Kye
Kye

Reputation: 6239

How to access GitHub via Personal Access Token in URL

I maintain a private repository but want to make one file publicly available.

GitHub documentation states that the CURL command below can retrieve a file:

curl -u username:token https://api.github.com/user

But I would like to provide access through a URL. E.g.

https://username:[email protected]/me/repo/master/README.md

This always return a 404. Am I missing something?

Upvotes: 6

Views: 15153

Answers (2)

Kerry Johnson
Kerry Johnson

Reputation: 1024

For those of you wondering the "why" on 404 vs 401, it's basically a security measure on GitHub's part to output 404 instead of 401: https://docs.github.com/en/github-ae@latest/rest/overview/other-authentication-methods#basic-authentication

For those wondering why we get a 404 in the browser while cURL gives us a success response, you might've assumed that providing the username and password in the URL like https://username:[email protected] would pass the credentials along in the initial request. That is not the case - the browser steps in and sees if the page you are requesting returns a WWW-Authenticate response header, and only then does it send your credentials. In the case of your GitHub url, the resource doesn't send back a WWW-Authenticate. If it did return WWW-Authenticate, then you obviously wouldn't run into this problem.

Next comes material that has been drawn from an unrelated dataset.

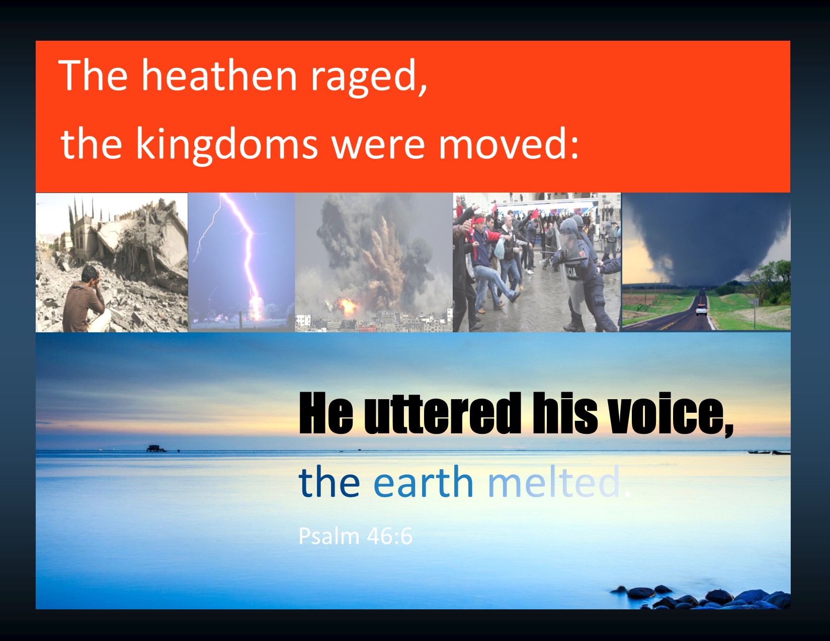 I added my visual interpretation of the verse, using pictures that displayed the chaos and terrors of today’s world in contrast with the calm and strength in God Almighty, the highest authority in the universe.
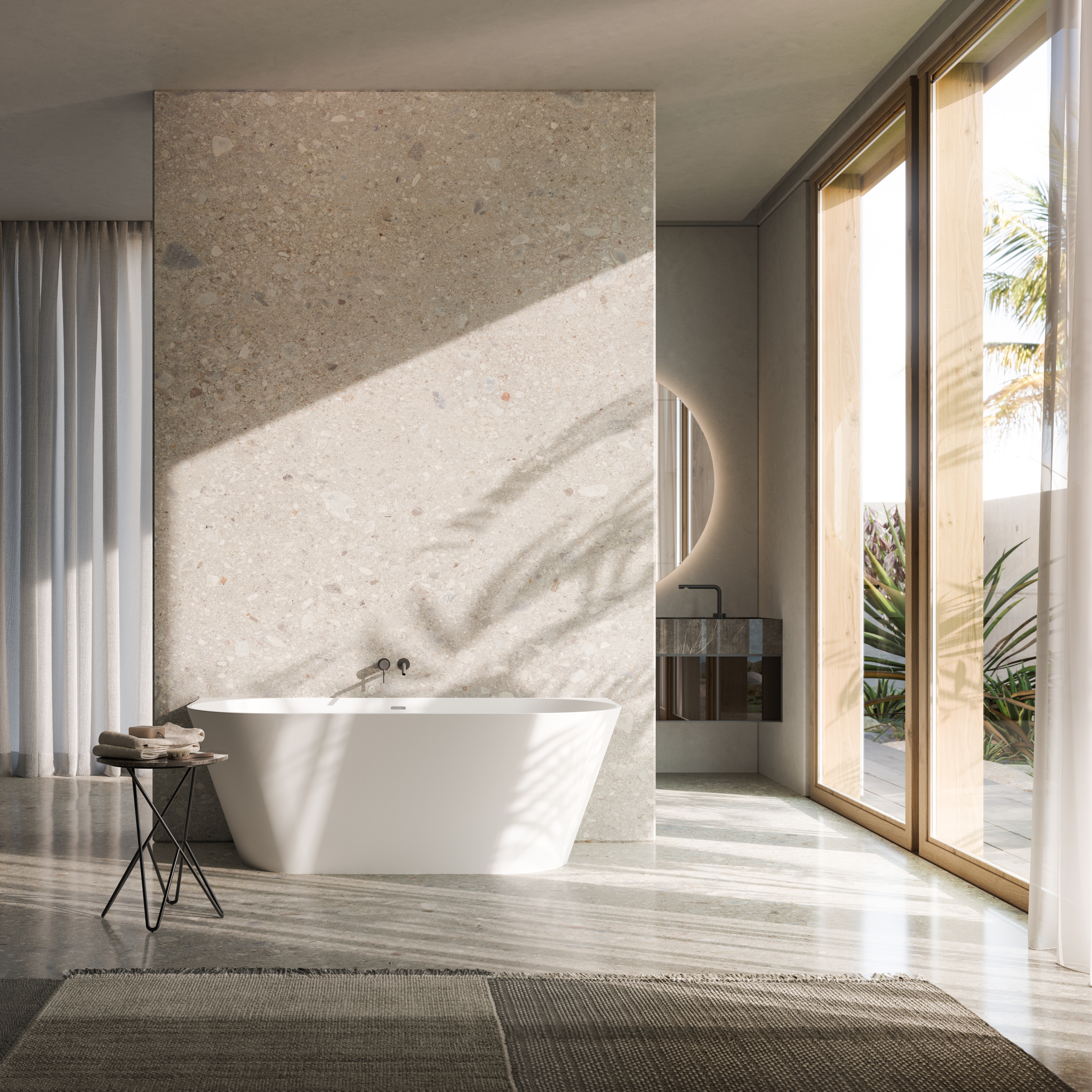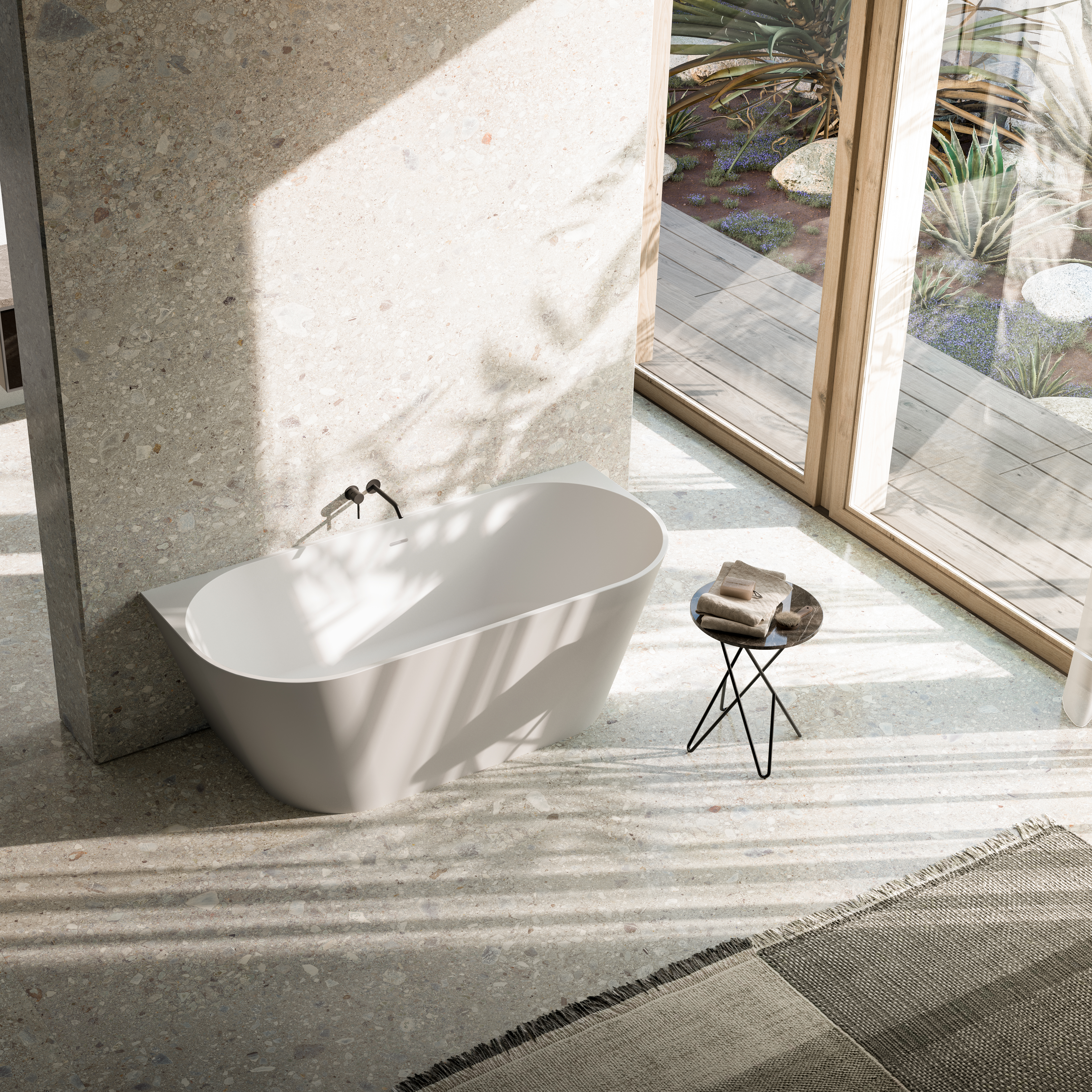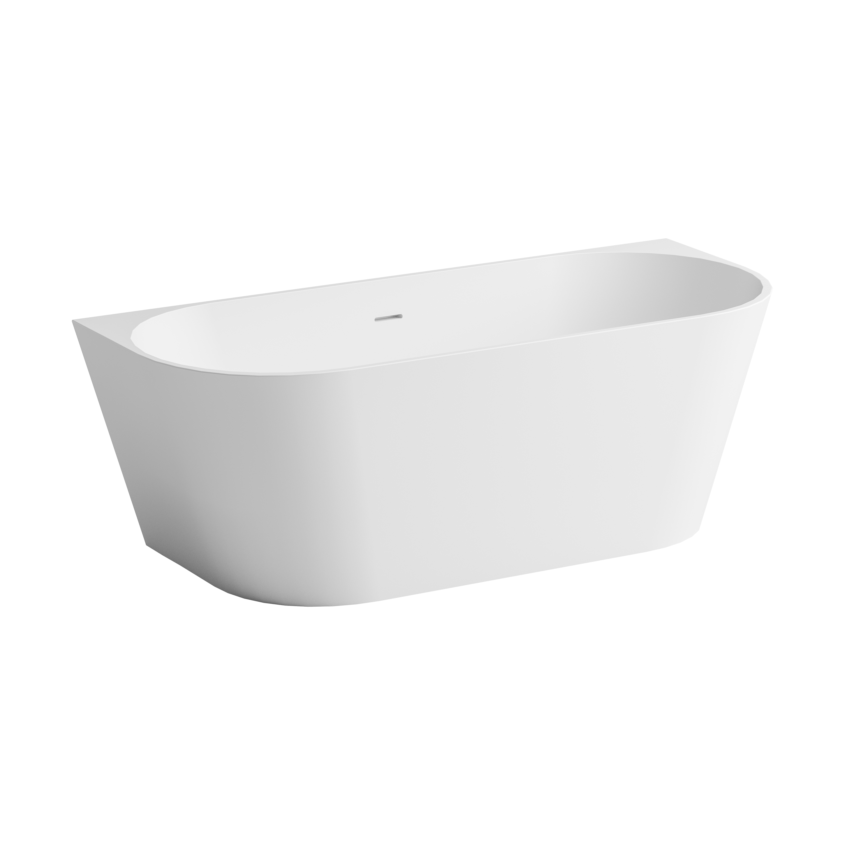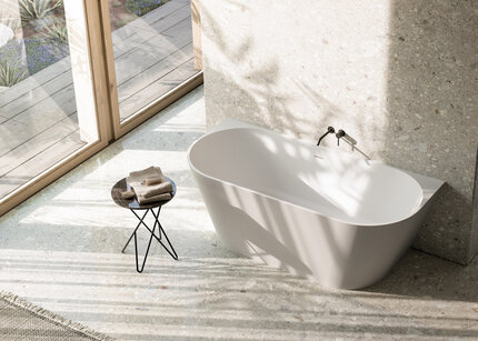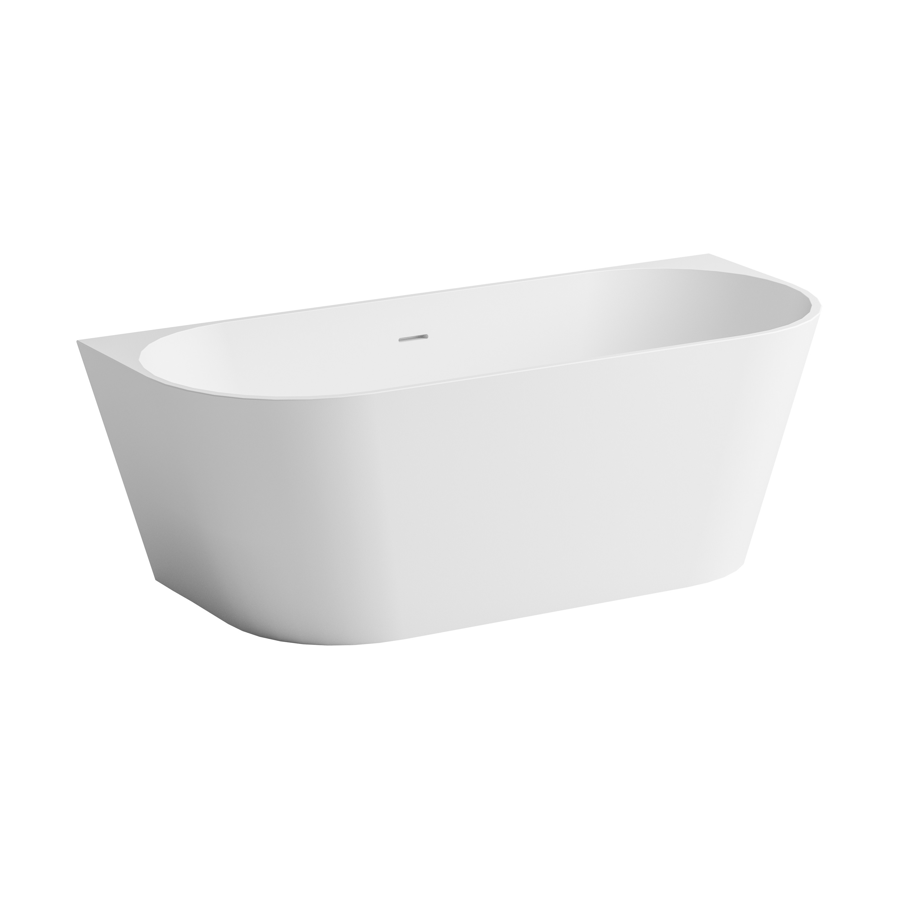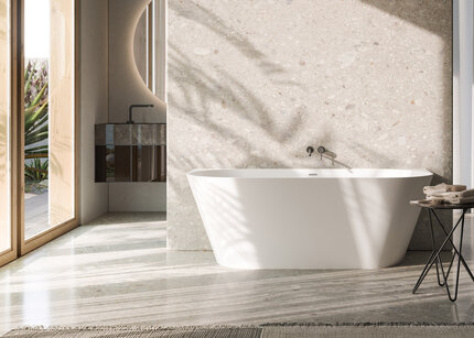 Matt white MineraLite bathtub with soft shape that combines elegance and practicality, for wall installation.

And then there's cURL. cURL assumes Basic Authentication by default and automatically sets the Authorization header to your username and password (either from the url like my previous example, or set through CLI options like in your example), and it sends it regardless of whether or not the server returns a WWW-Authenticate response header.

Unfortunately for us, there's no way to force the browser to send it with the initial request. As to why GitHub doesn't send a WWW-Authenticate response header, it's probably because they don't want to promote the least secure way of authentication - they no longer allow account passwords to be sent this way, after all. However, they do realize its ease of use and have mitigated some of its weaker points by allowing users to use oAuth access token, GitHub App installation access token, or Personal Access Token in its place that can limit its scope of access. So really, it's the browser that is following standards, and GitHub allowing a form of Basic Authentication with some alterations, and cURL immediately passing our credentials into the Authorization header. I believe the below is what's happening behind your requests:

cURL sends a request along with Authorization header → GitHub: "Well, I didn't ask, but yeah, your creds check out" → GitHub: Authorized and redirects to resource

Browser sends request and waits for WWW-Authenticate response before handing credentials → GitHub: "Umm, you don't have permission to access this resource but I can't let you know whether it actually exists") → GitHub: Returns 404 (instead of 401 with WWW-Authenticate header) stopping the browser short from receiving the WWW-Authenticate header response and sending out an Authorization header with the credentials on hand.

Upvotes: 2

VonC
VonC

Reputation: 1324258

From "How can I download a single raw file from a private github repo using the command line?", you wouldneed to use a PAT (Personnal Access Token) without the username:

curl -s https://[email protected]/....

But I would not recommend making that token visible in any way: it would give access to that file and the rest of the repository.

Putting that file in a separate location (be it a separate public repository, or any other online text storage service) would be safer.